How to complete this task: Could you print every entry below exactly as given?

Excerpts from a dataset
━━━━━━━━━━

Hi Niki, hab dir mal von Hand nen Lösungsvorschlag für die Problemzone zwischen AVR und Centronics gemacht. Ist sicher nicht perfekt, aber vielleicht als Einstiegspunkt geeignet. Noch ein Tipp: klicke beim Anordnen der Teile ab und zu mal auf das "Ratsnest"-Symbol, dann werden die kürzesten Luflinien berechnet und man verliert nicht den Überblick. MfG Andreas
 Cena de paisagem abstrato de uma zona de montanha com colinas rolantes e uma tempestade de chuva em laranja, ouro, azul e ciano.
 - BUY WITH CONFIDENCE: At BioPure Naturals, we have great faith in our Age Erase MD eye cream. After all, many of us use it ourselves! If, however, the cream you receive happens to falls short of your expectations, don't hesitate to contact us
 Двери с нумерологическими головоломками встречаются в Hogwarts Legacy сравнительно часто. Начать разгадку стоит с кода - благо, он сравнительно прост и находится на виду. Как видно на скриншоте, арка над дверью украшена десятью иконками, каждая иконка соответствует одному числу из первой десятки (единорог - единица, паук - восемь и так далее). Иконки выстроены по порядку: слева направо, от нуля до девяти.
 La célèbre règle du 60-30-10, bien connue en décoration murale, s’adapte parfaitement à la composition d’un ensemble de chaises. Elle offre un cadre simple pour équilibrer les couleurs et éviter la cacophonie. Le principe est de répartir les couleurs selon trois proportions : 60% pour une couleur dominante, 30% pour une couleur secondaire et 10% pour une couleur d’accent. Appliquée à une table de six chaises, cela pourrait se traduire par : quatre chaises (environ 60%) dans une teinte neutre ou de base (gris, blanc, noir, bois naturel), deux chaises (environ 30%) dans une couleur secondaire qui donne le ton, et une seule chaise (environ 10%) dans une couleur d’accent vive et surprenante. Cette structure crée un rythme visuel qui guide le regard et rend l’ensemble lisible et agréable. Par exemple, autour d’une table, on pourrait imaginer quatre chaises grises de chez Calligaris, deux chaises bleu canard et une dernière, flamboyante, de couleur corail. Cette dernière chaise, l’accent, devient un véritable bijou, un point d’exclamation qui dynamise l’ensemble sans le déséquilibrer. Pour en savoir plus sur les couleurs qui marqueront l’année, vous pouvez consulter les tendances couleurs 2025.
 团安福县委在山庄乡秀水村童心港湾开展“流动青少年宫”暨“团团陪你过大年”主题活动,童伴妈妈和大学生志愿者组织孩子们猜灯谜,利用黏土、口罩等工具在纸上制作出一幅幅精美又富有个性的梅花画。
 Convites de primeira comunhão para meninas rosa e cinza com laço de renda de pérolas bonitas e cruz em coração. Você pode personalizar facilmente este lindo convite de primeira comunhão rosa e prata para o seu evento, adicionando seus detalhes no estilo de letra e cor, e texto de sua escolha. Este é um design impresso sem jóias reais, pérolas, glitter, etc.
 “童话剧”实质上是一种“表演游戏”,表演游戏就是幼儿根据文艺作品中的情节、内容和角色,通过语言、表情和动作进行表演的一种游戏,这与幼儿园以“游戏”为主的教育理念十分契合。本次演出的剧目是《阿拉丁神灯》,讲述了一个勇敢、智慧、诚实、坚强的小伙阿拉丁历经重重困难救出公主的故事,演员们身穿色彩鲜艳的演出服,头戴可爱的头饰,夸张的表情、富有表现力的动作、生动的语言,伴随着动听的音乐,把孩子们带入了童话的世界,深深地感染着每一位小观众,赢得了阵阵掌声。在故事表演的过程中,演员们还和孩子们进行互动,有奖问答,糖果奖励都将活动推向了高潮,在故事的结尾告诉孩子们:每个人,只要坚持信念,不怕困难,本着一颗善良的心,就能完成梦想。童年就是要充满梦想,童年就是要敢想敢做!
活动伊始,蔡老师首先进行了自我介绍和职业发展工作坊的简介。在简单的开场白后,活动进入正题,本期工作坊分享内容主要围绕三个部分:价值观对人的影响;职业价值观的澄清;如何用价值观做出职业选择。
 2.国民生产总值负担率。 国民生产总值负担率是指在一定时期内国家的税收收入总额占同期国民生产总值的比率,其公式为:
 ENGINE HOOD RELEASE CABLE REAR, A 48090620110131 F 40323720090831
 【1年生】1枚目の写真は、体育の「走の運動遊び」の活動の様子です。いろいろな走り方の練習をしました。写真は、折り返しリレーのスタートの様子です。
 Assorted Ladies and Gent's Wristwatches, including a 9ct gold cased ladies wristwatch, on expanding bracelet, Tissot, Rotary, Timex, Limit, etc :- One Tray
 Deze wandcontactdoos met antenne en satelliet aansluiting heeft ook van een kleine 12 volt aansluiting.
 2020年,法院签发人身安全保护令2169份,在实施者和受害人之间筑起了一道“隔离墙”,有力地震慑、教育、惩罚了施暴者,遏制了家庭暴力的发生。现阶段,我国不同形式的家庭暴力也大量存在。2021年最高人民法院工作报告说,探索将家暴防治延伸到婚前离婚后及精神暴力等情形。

━━━━━━━━━━

Response area:
Hi Niki, hab dir mal von Hand nen Lösungsvorschlag für die Problemzone zwischen AVR und Centronics gemacht. Ist sicher nicht perfekt, aber vielleicht als Einstiegspunkt geeignet. Noch ein Tipp: klicke beim Anordnen der Teile ab und zu mal auf das "Ratsnest"-Symbol, dann werden die kürzesten Luflinien berechnet und man verliert nicht den Überblick. MfG Andreas
 Cena de paisagem abstrato de uma zona de montanha com colinas rolantes e uma tempestade de chuva em laranja, ouro, azul e ciano.
 - BUY WITH CONFIDENCE: At BioPure Naturals, we have great faith in our Age Erase MD eye cream. After all, many of us use it ourselves! If, however, the cream you receive happens to falls short of your expectations, don't hesitate to contact us
 Двери с нумерологическими головоломками встречаются в Hogwarts Legacy сравнительно часто. Начать разгадку стоит с кода - благо, он сравнительно прост и находится на виду. Как видно на скриншоте, арка над дверью украшена десятью иконками, каждая иконка соответствует одному числу из первой десятки (единорог - единица, паук - восемь и так далее). Иконки выстроены по порядку: слева направо, от нуля до девяти.
 La célèbre règle du 60-30-10, bien connue en décoration murale, s’adapte parfaitement à la composition d’un ensemble de chaises. Elle offre un cadre simple pour équilibrer les couleurs et éviter la cacophonie. Le principe est de répartir les couleurs selon trois proportions : 60% pour une couleur dominante, 30% pour une couleur secondaire et 10% pour une couleur d’accent. Appliquée à une table de six chaises, cela pourrait se traduire par : quatre chaises (environ 60%) dans une teinte neutre ou de base (gris, blanc, noir, bois naturel), deux chaises (environ 30%) dans une couleur secondaire qui donne le ton, et une seule chaise (environ 10%) dans une couleur d’accent vive et surprenante. Cette structure crée un rythme visuel qui guide le regard et rend l’ensemble lisible et agréable. Par exemple, autour d’une table, on pourrait imaginer quatre chaises grises de chez Calligaris, deux chaises bleu canard et une dernière, flamboyante, de couleur corail. Cette dernière chaise, l’accent, devient un véritable bijou, un point d’exclamation qui dynamise l’ensemble sans le déséquilibrer. Pour en savoir plus sur les couleurs qui marqueront l’année, vous pouvez consulter les tendances couleurs 2025.
 团安福县委在山庄乡秀水村童心港湾开展“流动青少年宫”暨“团团陪你过大年”主题活动,童伴妈妈和大学生志愿者组织孩子们猜灯谜,利用黏土、口罩等工具在纸上制作出一幅幅精美又富有个性的梅花画。
 Convites de primeira comunhão para meninas rosa e cinza com laço de renda de pérolas bonitas e cruz em coração. Você pode personalizar facilmente este lindo convite de primeira comunhão rosa e prata para o seu evento, adicionando seus detalhes no estilo de letra e cor, e texto de sua escolha. Este é um design impresso sem jóias reais, pérolas, glitter, etc.
 “童话剧”实质上是一种“表演游戏”,表演游戏就是幼儿根据文艺作品中的情节、内容和角色,通过语言、表情和动作进行表演的一种游戏,这与幼儿园以“游戏”为主的教育理念十分契合。本次演出的剧目是《阿拉丁神灯》,讲述了一个勇敢、智慧、诚实、坚强的小伙阿拉丁历经重重困难救出公主的故事,演员们身穿色彩鲜艳的演出服,头戴可爱的头饰,夸张的表情、富有表现力的动作、生动的语言,伴随着动听的音乐,把孩子们带入了童话的世界,深深地感染着每一位小观众,赢得了阵阵掌声。在故事表演的过程中,演员们还和孩子们进行互动,有奖问答,糖果奖励都将活动推向了高潮,在故事的结尾告诉孩子们:每个人,只要坚持信念,不怕困难,本着一颗善良的心,就能完成梦想。童年就是要充满梦想,童年就是要敢想敢做!
活动伊始,蔡老师首先进行了自我介绍和职业发展工作坊的简介。在简单的开场白后,活动进入正题,本期工作坊分享内容主要围绕三个部分:价值观对人的影响;职业价值观的澄清;如何用价值观做出职业选择。
 2.国民生产总值负担率。 国民生产总值负担率是指在一定时期内国家的税收收入总额占同期国民生产总值的比率,其公式为:
 ENGINE HOOD RELEASE CABLE REAR, A 48090620110131 F 40323720090831
 【1年生】1枚目の写真は、体育の「走の運動遊び」の活動の様子です。いろいろな走り方の練習をしました。写真は、折り返しリレーのスタートの様子です。
 Assorted Ladies and Gent's Wristwatches, including a 9ct gold cased ladies wristwatch, on expanding bracelet, Tissot, Rotary, Timex, Limit, etc :- One Tray
 Deze wandcontactdoos met antenne en satelliet aansluiting heeft ook van een kleine 12 volt aansluiting.
 2020年,法院签发人身安全保护令2169份,在实施者和受害人之间筑起了一道“隔离墙”,有力地震慑、教育、惩罚了施暴者,遏制了家庭暴力的发生。现阶段,我国不同形式的家庭暴力也大量存在。2021年最高人民法院工作报告说,探索将家暴防治延伸到婚前离婚后及精神暴力等情形。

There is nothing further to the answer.